> _Instructions for the task_
For this exercise, copy exactly the lines below from the one with "Indian Mountains Quiz" through the one with "This throw pillow" and leave out the pictures.

> _Extracted information_
•••
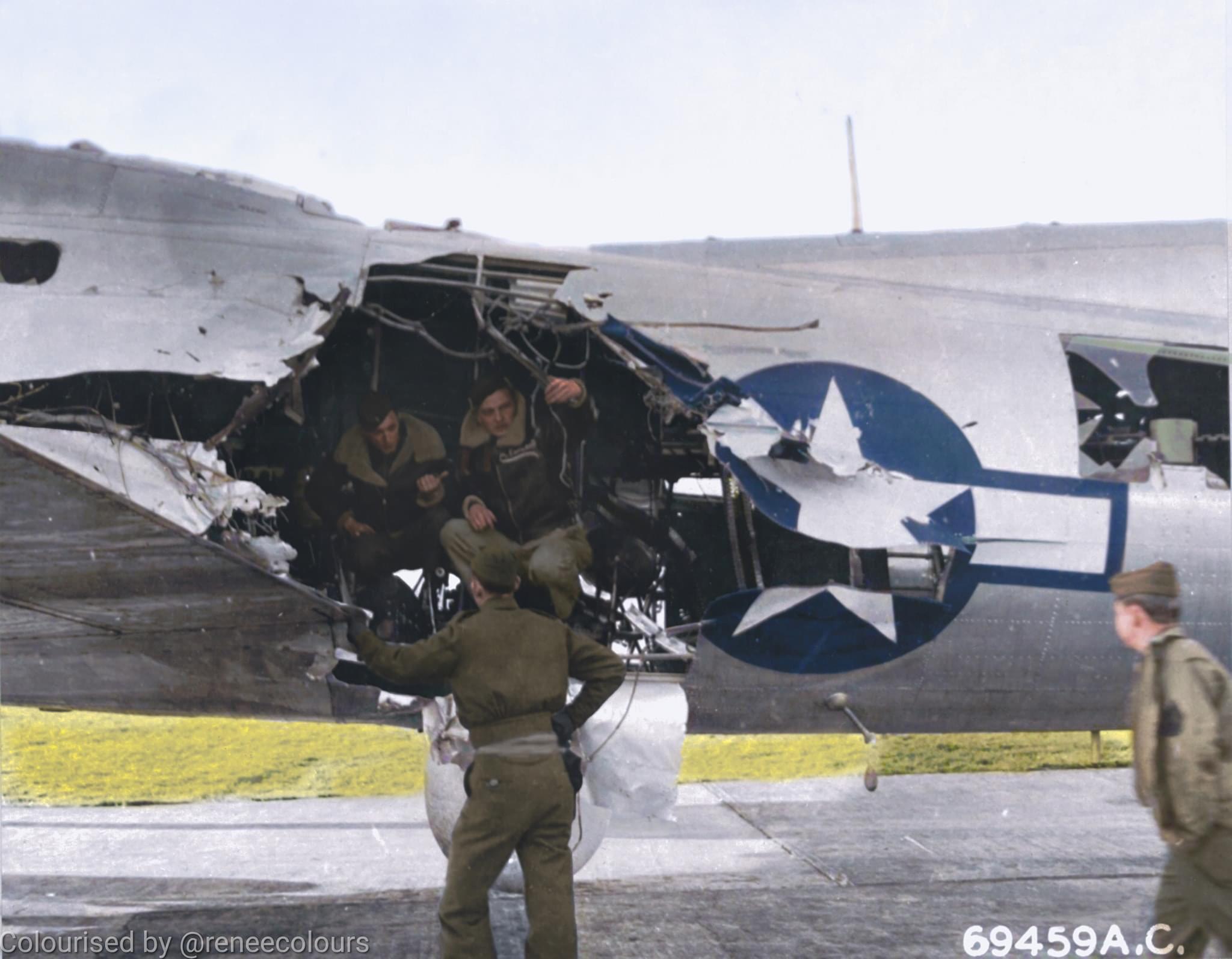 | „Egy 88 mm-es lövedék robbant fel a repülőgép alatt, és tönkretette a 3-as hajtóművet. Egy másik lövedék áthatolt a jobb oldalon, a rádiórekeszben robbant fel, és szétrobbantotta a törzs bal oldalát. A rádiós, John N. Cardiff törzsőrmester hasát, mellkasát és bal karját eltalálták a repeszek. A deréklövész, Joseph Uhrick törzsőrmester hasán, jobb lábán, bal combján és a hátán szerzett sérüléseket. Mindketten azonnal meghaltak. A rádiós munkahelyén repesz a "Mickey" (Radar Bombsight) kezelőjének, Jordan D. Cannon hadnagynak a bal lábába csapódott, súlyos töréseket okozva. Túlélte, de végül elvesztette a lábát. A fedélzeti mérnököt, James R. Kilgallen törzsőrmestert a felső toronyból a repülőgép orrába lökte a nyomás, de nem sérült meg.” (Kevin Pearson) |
•••
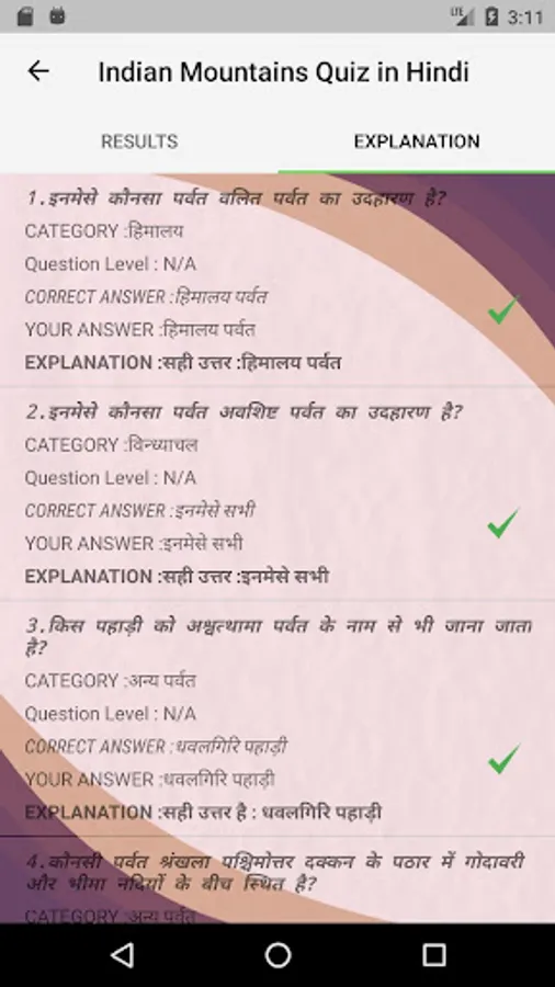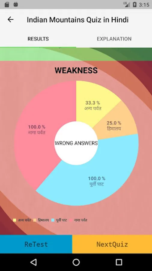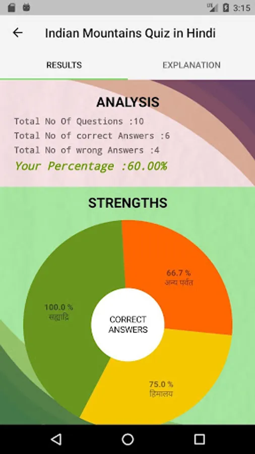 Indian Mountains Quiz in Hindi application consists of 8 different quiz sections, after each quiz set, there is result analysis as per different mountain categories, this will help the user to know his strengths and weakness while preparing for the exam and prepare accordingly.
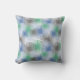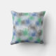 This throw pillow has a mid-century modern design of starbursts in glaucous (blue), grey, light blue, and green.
•••
> _Task response_
 Indian Mountains Quiz in Hindi application consists of 8 different quiz sections, after each quiz set, there is result analysis as per different mountain categories, this will help the user to know his strengths and weakness while preparing for the exam and prepare accordingly.
 This throw pillow has a mid-century modern design of starbursts in glaucous (blue), grey, light blue, and green.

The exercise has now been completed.